Фон Нейман постарался не просто найти чистейшие и самые базовые математические истины, но и представить их в форме абсолютных аксиом — тезисов, которые невозможно отрицать, опровергнуть или оспорить; такие утверждения никогда не померкнут, не исказятся и останутся, подобно божествам, неподвластны времени, неизменны, вечны. На этом прочном фундаменте ученые смогут строить свои теории, разворачивать многогранную красоту величин, структур, пространств и изменений, без страха повстречать какое-нибудь чудище, жуткую химеру, дитя противоречия и парадокса, которая, пробудившись, способна разорвать на части аккуратный упорядоченный космос. Грандиозная и, по крайней мере на мой взгляд, несколько глупая попытка фон Неймана представить математику в виде формальной системы аксиом, конечно, не что иное, как суть программы Гильберта, которую аспирант подхватил, как свою собственную.

Категоричная и полная крайностей программа Гильберта стала приметой своего времени — отчаянной попыткой обрести стабильность в мире, который яростно вырывался из-под контроля. Она обрела форму в период наибольших перемен. Куда ни глянь — всюду фашизм, квантовая механика расшатывает наши убеждения о поведении материи внутри атомов, а теории Эйнштейна полностью переворачивают наши представления о времени и пространстве. Однако Гильберт, фон Нейман и остальные, им подобные, искали кое-что гораздо более фундаментальное, потому что тогда, как и сейчас, непрерывно растущая часть знания и технологии основывалась на точности и неприкосновенности царицы наук. На что еще нам было опереться? Сколько людей, столько и богов в пантеоне, а так называемые гуманитарные науки ничем не лучше философии — бездумные игры, в которые играют бессмысленными словами. Другое дело — математика. Она всегда была подобна факелу, истинному свету разума, ослепительному и неоспоримому. Но с наступлением XX века начались изменения. Многие математики испугались того, что царский трон вот-вот закачается, а корона, некогда крепко сидевшая на голове, опасно сдвинется набок. С каждым новым открытием становилось очевидно, что нет никакого единого основания, которое устроило бы всех математиков. Навязчивое подозрение о том, что, быть может, их царство целиком держится на честном слове, вошло в историю как «кризис оснований математики», и впервые со времен Древней Греции математики усомнились в своей дисциплине настолько сильно.
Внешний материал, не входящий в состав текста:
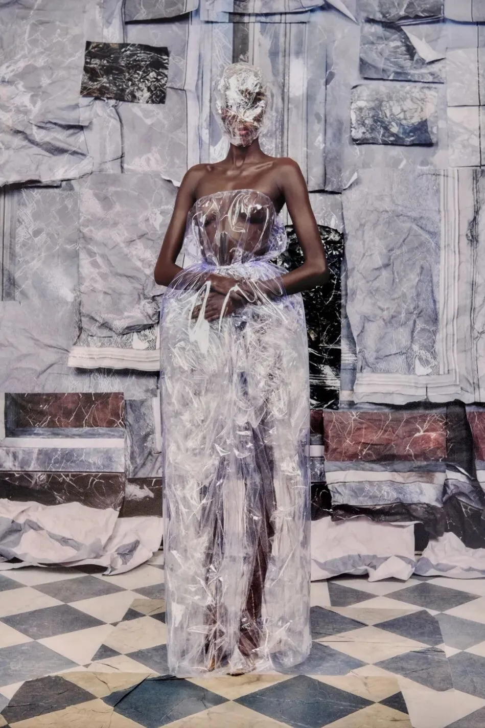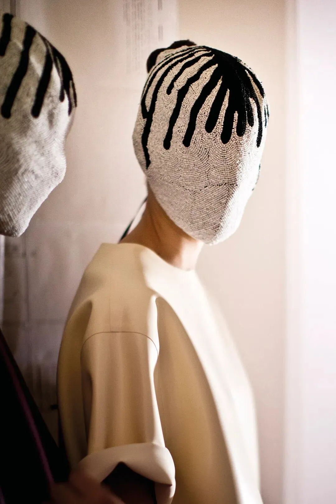 北京,Anonymity。品牌的foundational principle之一。同样从1989的档案中展开。匿名在Maison Margiela并非造型效果,它直指身份降噪,表情退出,观看回到服装设计的轮廓、材质与结构。脸被遮挡,服装占据叙事中心。

Этот кризис был странным явлением, в котором поучаствовали наиболее неординарные мыслители и блестящие умы планеты, но, оглядываясь теперь, он представляется мне всего лишь очередным походом Короля Артура — разум преодолел все мыслимые пределы, но оказалось, что кубок у него в руках пустой.

Математическая вселенная построена наподобие египетских пирамид. Каждая теорема стоит на более глубоком и простом основании. На чем же тогда держится основание самой пирамиды? Есть ли под ним что-нибудь крепкое или вся конструкция парит над пустотой, как паутинка на ветру, распускается по краям, и только эфемерная, тающая нить мысли, привычки и веры не дает ей исчезнуть? Помню, как говорил об этом с друзьями. Что на это ответили логики? Да у них был нервный срыв! Настоящая травма! Кругом сплошные парадоксы. Самые основные постулаты геометрии потеряли всякий смысл, столкнувшись с необъяснимыми формами неевклидова пространства, с его невероятными обитателями, существование которых означало невозможное — параллельные прямые, те, что не должны пересекаться, однажды встретятся в бесконечно удаленной точке. Бессмыслица какая-то! Тогда математики вдруг поняли: доверять собственным аргументам больше нельзя. Подобно простому каменщику, который не ведает, какой величественный собор строит, а потому должен слепо верить, что опоры, возведенные до него, достаточно крепки, ученые увидели: можно и дальше просто верить, а можно копать глубже и глубже и докопаться до самого сердца математики в поисках краеугольных камней в основании всего строения. Но обнажать основы — дело опасное. Откуда знать, что нас ждет внутри линий разлома логики вселенной? Какие чудовища дремлют среди перепутавшихся корней человеческого знания? Кризис оснований математики был рискованным мероприятием. Из-за него одни лишились доброго имени, другие, как например Георг Кантор, — рассудка.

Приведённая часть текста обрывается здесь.